Adrian Wooldridge on meritocracy: “Look at the history of the West and you don’t have to go back very far to find a world where jobs were handed from father to son or sold to the highest bidder. Look at the rest of the world and you can see governments riddled with corruption and favoritism. The meritocratic idea is necessarily fragile: humans are biologically programmed to favor their kith and kin over strangers. We are right to think that the modern world, with its vibrant economy and favor-free public sector, would be impossible without the meritocratic idea. But we are wrong to think that meritocracy will be with us forever if we proceed to douse its roots in poison.”
WSJ on dealing with stress: “You need to be able to hear yourself think. Ms. Myrick recommends a three-pronged approach: “Turn down the volume of the external stuff you can’t control in the news, from the people in your life, and in your own head,” she says. The news part is easy. Delete everything on your phone that isn’t essential. Turn off the notifications on what you keep. Pick a few trusted news sources. If you feel you must check social media, set a strict limit on how much time you can spend on it. You’ll also need to set boundaries with loved ones. Turn off text alerts and create periods of time when no one can reach you, unless it’s an emergency. Explain to friends and family that you’re busy or don’t have the capacity to engage at the moment and will get back to them later.”
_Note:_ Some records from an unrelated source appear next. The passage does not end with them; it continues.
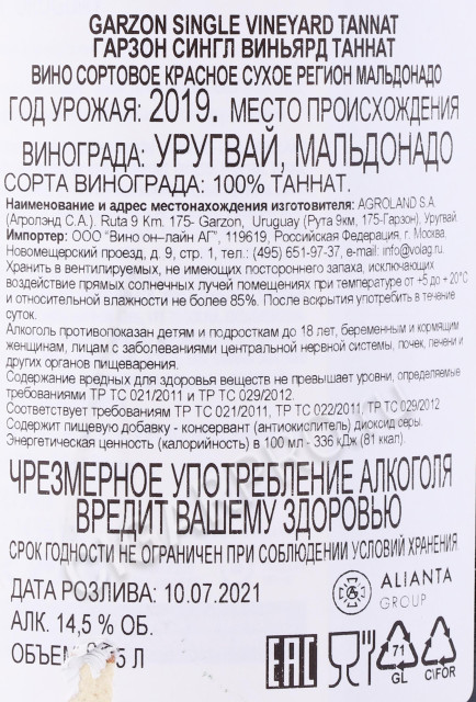 Garzon Tannat Вино Гарзон Таннат 0.75л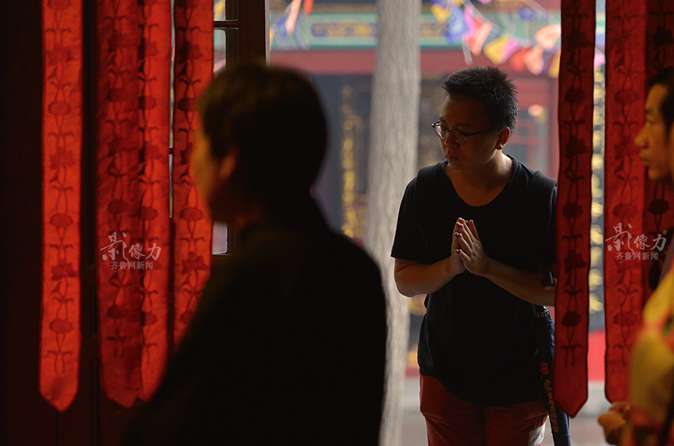 一位虔诚的佛教信徒双手合十跟随僧人唱经。齐鲁网记者 于鹏/摄 满倩/文
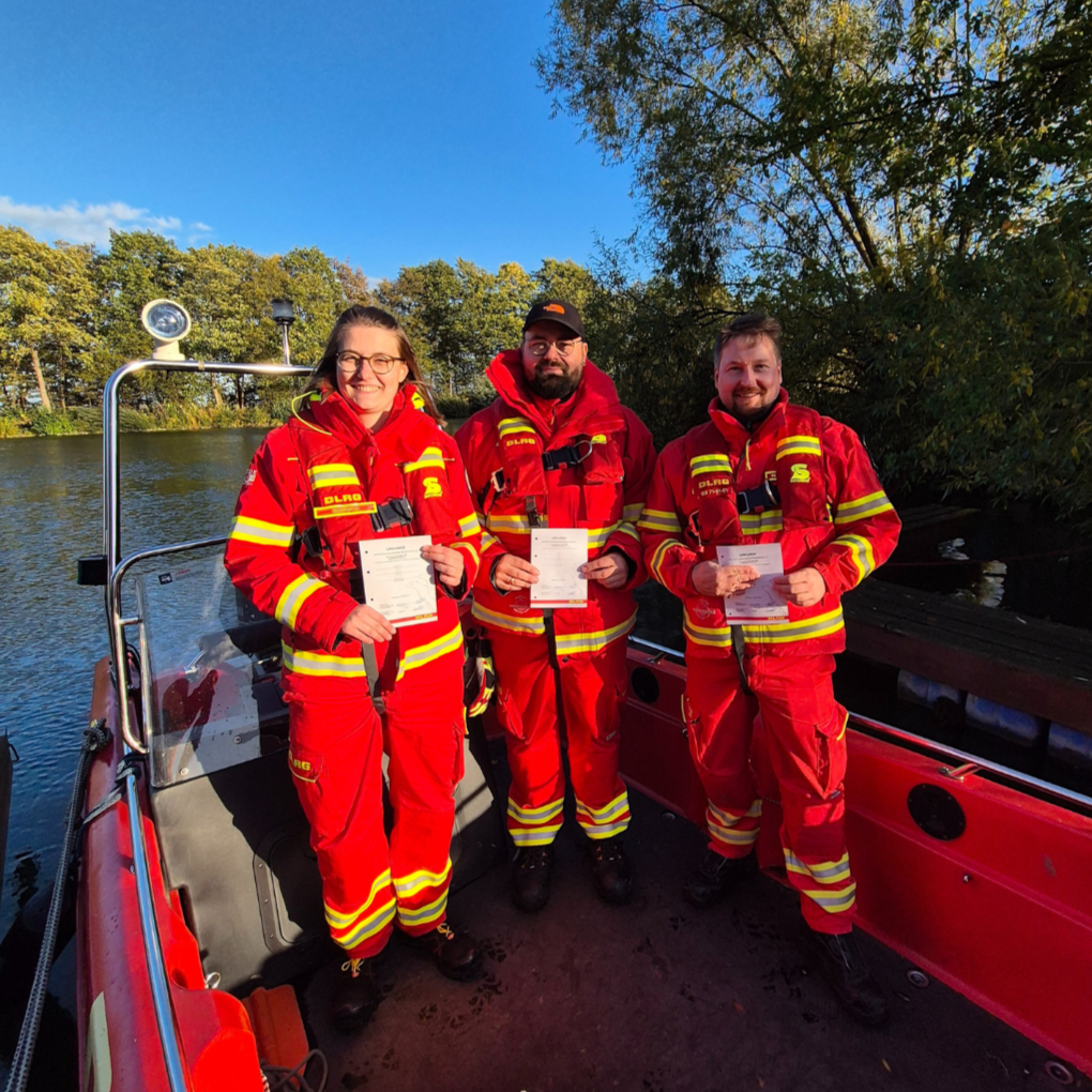 Nach über einem Jahr intensiver Ausbildung war es am 4. Oktober endlich so weit: Unsere drei Anwärterinnen und Anwärter konnten erfolgreich ihre Prüfung zum DLRG-Bootsführer ablegen!

Lawrence Summers: “I do think there is the possibility of a real take-off in India. It is not a small thing that, over all the years since 1979 until quite recently, there had not been a single year when India grew as rapidly as China but in the last several, there were years when India grew more rapidly than China. That is a hopeful harbinger of things that might come. I think if there is a country that pioneers convergence to modern, cutting edge standards of living in the information age after the industrial age, India has greater potential than any other country of size to do that in the period ahead.”